__Activity__.
Your response should contain only the lines running from the top of the data below through the line with "To restore the", both included. Pictures must be omitted.

━━━ Source data

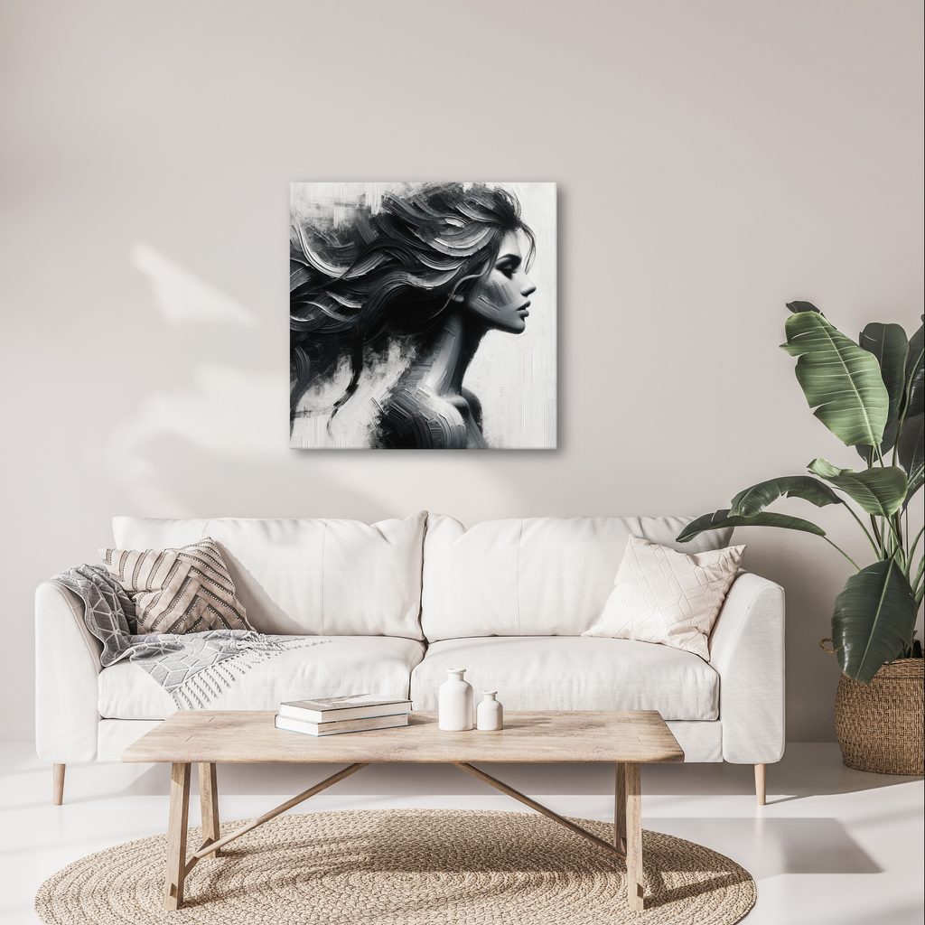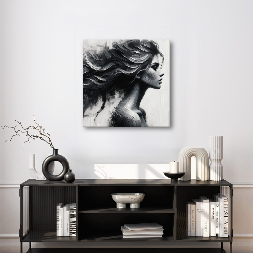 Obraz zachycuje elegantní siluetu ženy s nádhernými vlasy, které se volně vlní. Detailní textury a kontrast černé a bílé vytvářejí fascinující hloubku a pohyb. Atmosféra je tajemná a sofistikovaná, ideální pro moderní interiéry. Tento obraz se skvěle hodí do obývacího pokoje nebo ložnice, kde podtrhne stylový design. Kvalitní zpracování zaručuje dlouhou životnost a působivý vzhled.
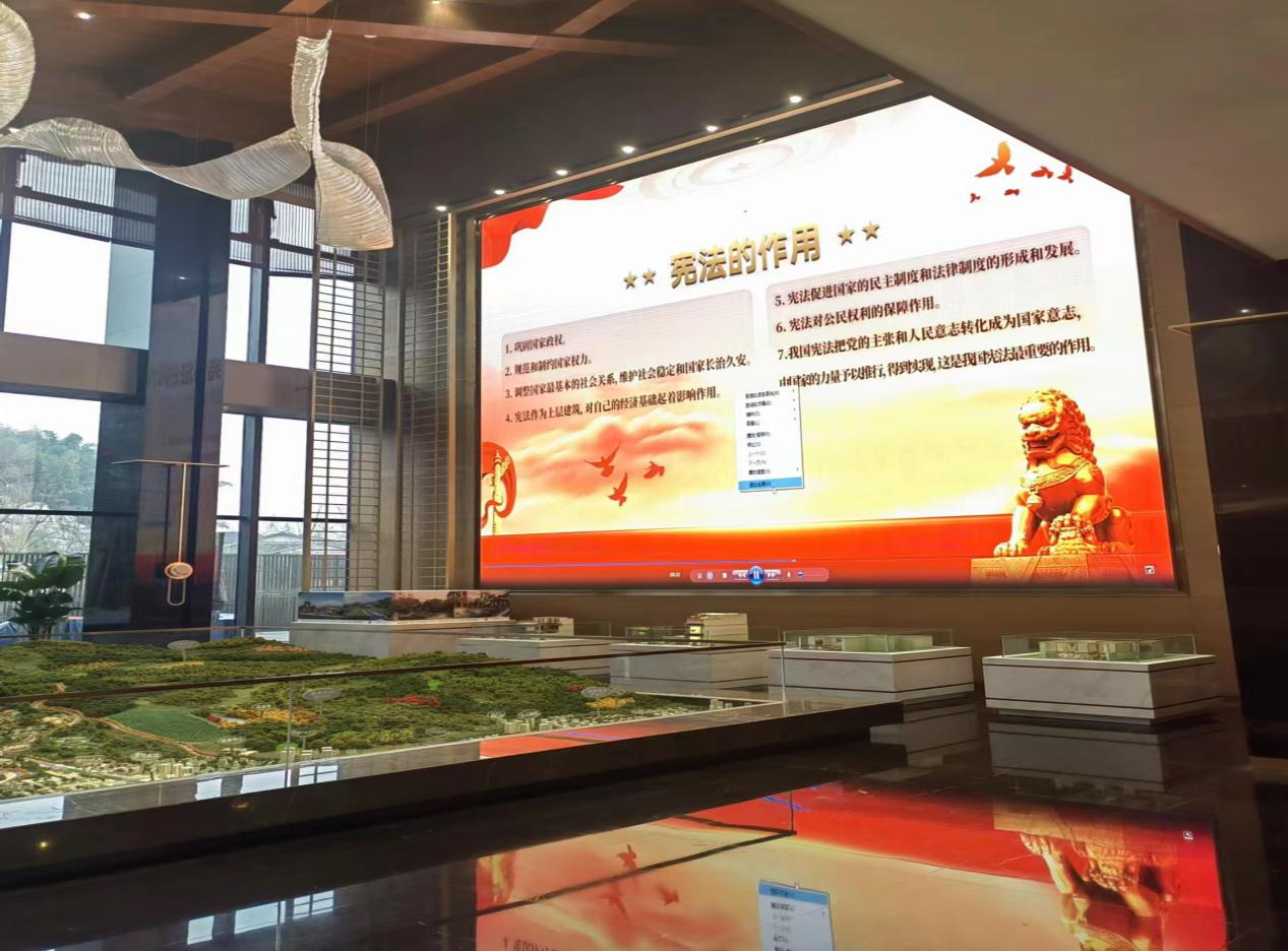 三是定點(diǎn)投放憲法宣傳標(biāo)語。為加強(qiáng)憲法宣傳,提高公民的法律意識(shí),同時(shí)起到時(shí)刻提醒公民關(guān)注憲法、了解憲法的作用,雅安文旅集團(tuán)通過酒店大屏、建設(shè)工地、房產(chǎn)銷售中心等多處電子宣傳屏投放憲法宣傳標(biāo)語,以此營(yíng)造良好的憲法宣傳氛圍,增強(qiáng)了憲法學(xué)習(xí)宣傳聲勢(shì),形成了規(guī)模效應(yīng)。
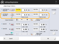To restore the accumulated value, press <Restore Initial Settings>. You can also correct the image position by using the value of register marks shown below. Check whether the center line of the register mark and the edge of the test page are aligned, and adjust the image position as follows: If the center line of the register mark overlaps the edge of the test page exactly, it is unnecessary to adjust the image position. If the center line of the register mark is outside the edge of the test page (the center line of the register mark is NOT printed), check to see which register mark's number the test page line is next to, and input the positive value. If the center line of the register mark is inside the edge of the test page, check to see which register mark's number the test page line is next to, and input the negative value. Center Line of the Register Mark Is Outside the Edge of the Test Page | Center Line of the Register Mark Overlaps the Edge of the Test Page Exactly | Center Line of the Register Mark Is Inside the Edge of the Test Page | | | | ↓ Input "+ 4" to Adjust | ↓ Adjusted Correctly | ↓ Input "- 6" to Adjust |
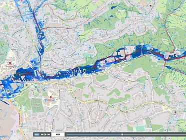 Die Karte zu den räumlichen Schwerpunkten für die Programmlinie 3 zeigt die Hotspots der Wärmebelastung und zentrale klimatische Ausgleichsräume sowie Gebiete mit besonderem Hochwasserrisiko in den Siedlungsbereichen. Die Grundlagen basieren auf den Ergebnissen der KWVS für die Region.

━━━━━━

__Exercise solution__.
 Obraz zachycuje elegantní siluetu ženy s nádhernými vlasy, které se volně vlní. Detailní textury a kontrast černé a bílé vytvářejí fascinující hloubku a pohyb. Atmosféra je tajemná a sofistikovaná, ideální pro moderní interiéry. Tento obraz se skvěle hodí do obývacího pokoje nebo ložnice, kde podtrhne stylový design. Kvalitní zpracování zaručuje dlouhou životnost a působivý vzhled.
 三是定點(diǎn)投放憲法宣傳標(biāo)語。為加強(qiáng)憲法宣傳,提高公民的法律意識(shí),同時(shí)起到時(shí)刻提醒公民關(guān)注憲法、了解憲法的作用,雅安文旅集團(tuán)通過酒店大屏、建設(shè)工地、房產(chǎn)銷售中心等多處電子宣傳屏投放憲法宣傳標(biāo)語,以此營(yíng)造良好的憲法宣傳氛圍,增強(qiáng)了憲法學(xué)習(xí)宣傳聲勢(shì),形成了規(guī)模效應(yīng)。
To restore the accumulated value, press <Restore Initial Settings>. You can also correct the image position by using the value of register marks shown below. Check whether the center line of the register mark and the edge of the test page are aligned, and adjust the image position as follows: If the center line of the register mark overlaps the edge of the test page exactly, it is unnecessary to adjust the image position. If the center line of the register mark is outside the edge of the test page (the center line of the register mark is NOT printed), check to see which register mark's number the test page line is next to, and input the positive value. If the center line of the register mark is inside the edge of the test page, check to see which register mark's number the test page line is next to, and input the negative value. Center Line of the Register Mark Is Outside the Edge of the Test Page | Center Line of the Register Mark Overlaps the Edge of the Test Page Exactly | Center Line of the Register Mark Is Inside the Edge of the Test Page | | | | ↓ Input "+ 4" to Adjust | ↓ Adjusted Correctly | ↓ Input "- 6" to Adjust |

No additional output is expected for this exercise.